(Source material begins)

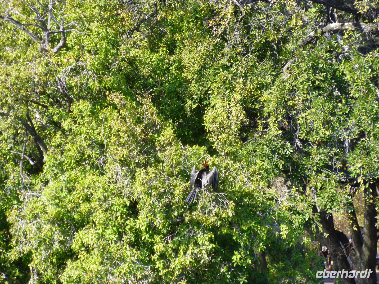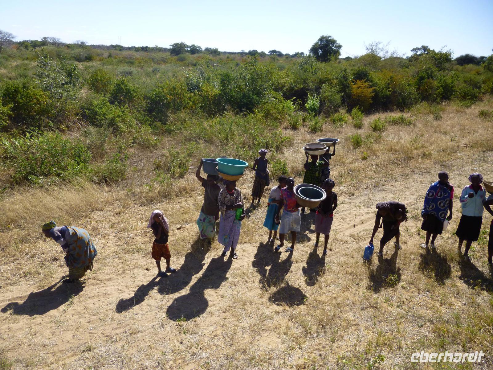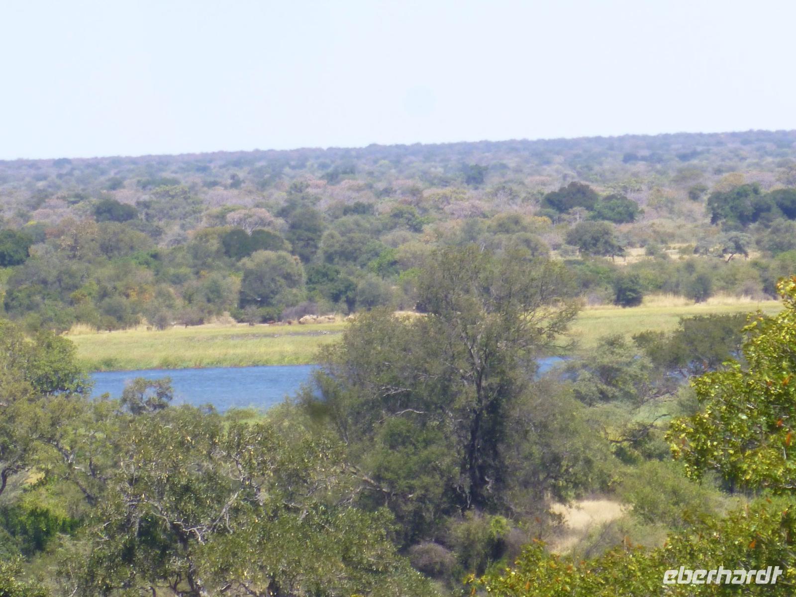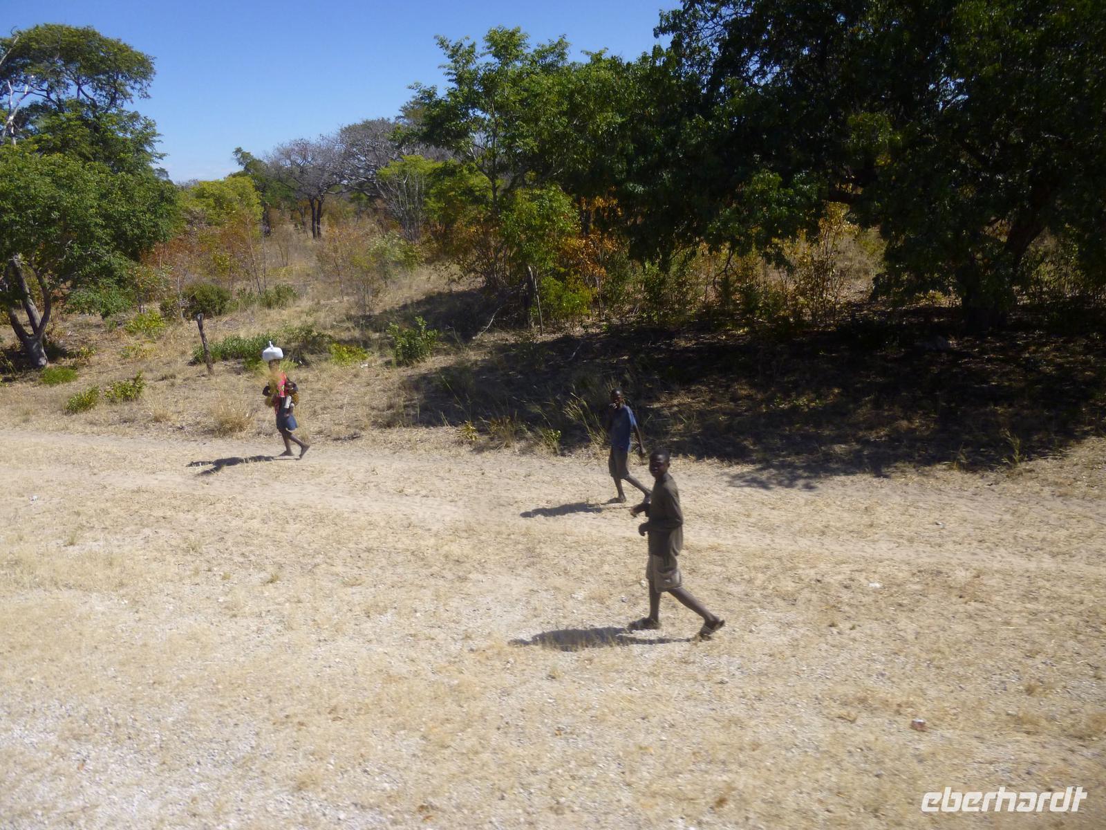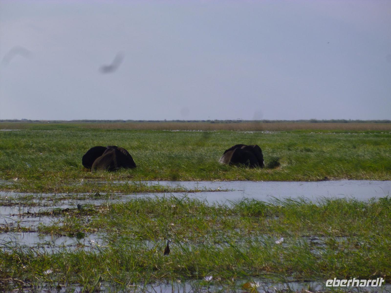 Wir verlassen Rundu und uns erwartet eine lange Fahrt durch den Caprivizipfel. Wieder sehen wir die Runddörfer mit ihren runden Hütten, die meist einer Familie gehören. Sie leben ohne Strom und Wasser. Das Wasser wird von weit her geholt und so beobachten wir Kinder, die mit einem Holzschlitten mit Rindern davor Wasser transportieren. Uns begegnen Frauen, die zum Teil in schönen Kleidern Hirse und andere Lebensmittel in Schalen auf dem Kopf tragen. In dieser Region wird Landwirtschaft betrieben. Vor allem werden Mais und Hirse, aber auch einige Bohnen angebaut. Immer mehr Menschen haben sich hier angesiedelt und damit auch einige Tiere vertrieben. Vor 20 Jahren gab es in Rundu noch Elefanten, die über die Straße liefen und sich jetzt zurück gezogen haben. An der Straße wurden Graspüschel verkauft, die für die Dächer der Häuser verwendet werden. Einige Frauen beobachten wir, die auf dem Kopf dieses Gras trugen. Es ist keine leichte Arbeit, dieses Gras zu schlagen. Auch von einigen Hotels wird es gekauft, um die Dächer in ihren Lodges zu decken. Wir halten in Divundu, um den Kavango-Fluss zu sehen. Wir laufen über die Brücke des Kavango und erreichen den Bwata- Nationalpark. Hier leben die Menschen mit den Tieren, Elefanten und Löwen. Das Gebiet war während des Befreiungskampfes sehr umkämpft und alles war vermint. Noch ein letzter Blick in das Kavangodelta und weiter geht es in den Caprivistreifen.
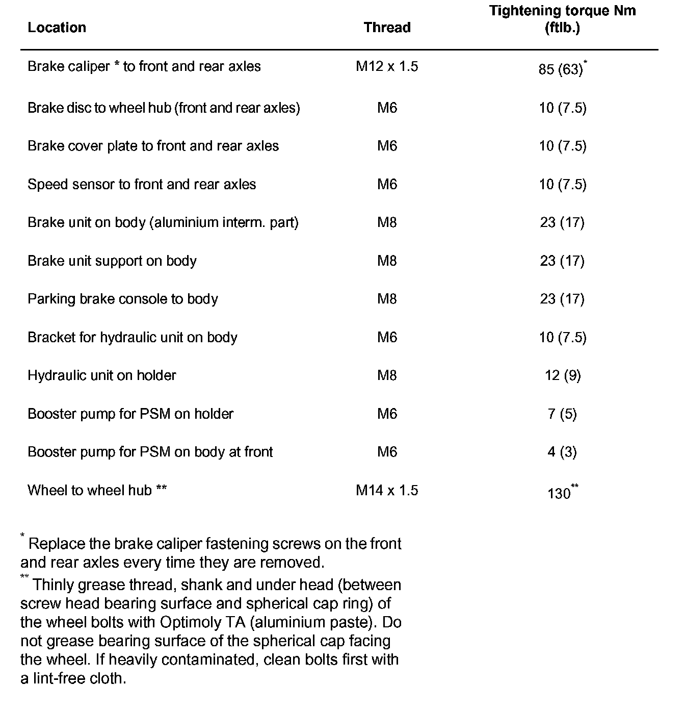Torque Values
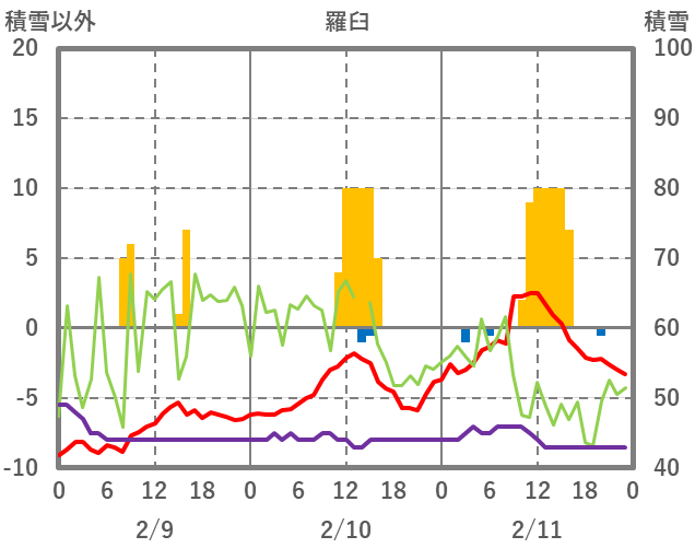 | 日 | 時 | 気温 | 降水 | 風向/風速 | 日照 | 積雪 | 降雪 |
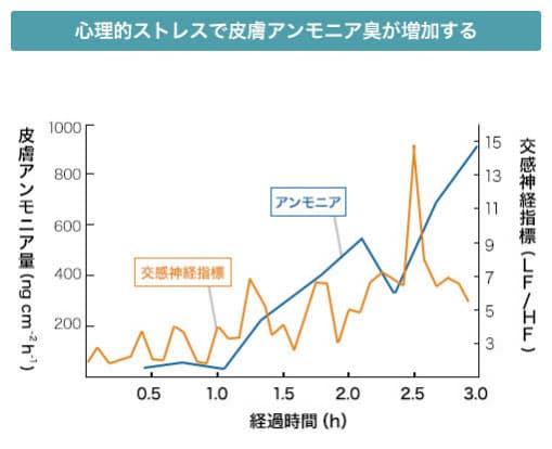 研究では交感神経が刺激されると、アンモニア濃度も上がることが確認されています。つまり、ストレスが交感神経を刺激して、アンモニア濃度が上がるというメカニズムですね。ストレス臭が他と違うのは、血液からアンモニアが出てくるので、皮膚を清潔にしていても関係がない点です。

(Source material ends)

* _The problem_
The lines to repeat run from the line containing "Torque Values" through the end of the listing above, both included; give them exactly and without pictures.

* _Answer_
Torque Values
 | 日 | 時 | 気温 | 降水 | 風向/風速 | 日照 | 積雪 | 降雪 |
 研究では交感神経が刺激されると、アンモニア濃度も上がることが確認されています。つまり、ストレスが交感神経を刺激して、アンモニア濃度が上がるというメカニズムですね。ストレス臭が他と違うのは、血液からアンモニアが出てくるので、皮膚を清潔にしていても関係がない点です。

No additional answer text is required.